A Vinculo Matrimonii Legal Definition:

Latin: of marriage.

Related Terms: Divorce , Decree Absolute

As Justice Maughmer of the Kansas City Court of Appeals wrote in Prough v Prough:

"In our early law divorce actions were in two separate divisions. One was divorce a vinculo matrimonii, i. e. absolute divorce. The second divorce was a mensa et thoro, i. e. divorce from bed and board. These are now substantially indivisible portions of the one action for divorce, and it has been uniformly held in this state that a wife cannot recover in a separate maintenance suit unless she makes such proof as would entitle her to a divorce if she were seeking that relief."

This used to be distinguished from a divorce a mensa et thoro.
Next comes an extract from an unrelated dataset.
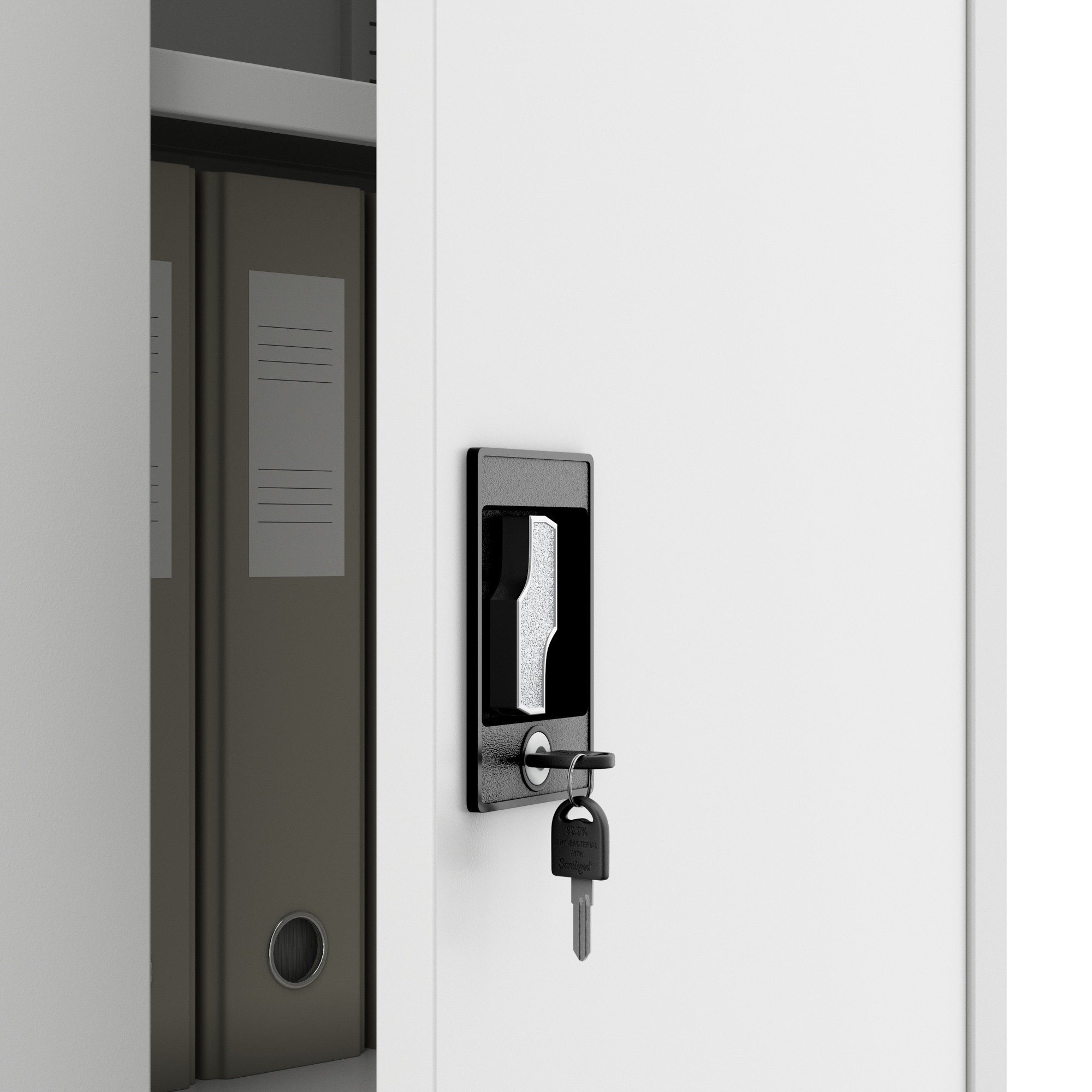 BEATA kiváló minőségű zárral van felszerelve, amely biztosítja a tárolt dokumentumok és tárgyak biztonságát. A zár három ponton van biztosítva, így nem kell aggódnia az illetéktelen hozzáférés miatt. A szekrényhez két kulcsot kap.

In a 1923 Dictionary of English Law by W. J. Byrne (London: Sweet & Maxwell) page 315, this distinction is offered:

"(A divorce) was of two kinds - a divorce a mensa et thoro (from bed and board), granted in cases where the husband or wife had been guilty of such conduct as to make conjugal intercourse impossible (as in the case of adultery, cruelty etc.); and a divorce a vinculo matrimonii (from the bond of marriage), granted where the marriage was voidable or void ab initio (as in the case of the parties being within the prohibited degrees (of relation), or one of them having been previously married, or being impotent when married).

The term -  when used - now refers to a final and permanent divorce.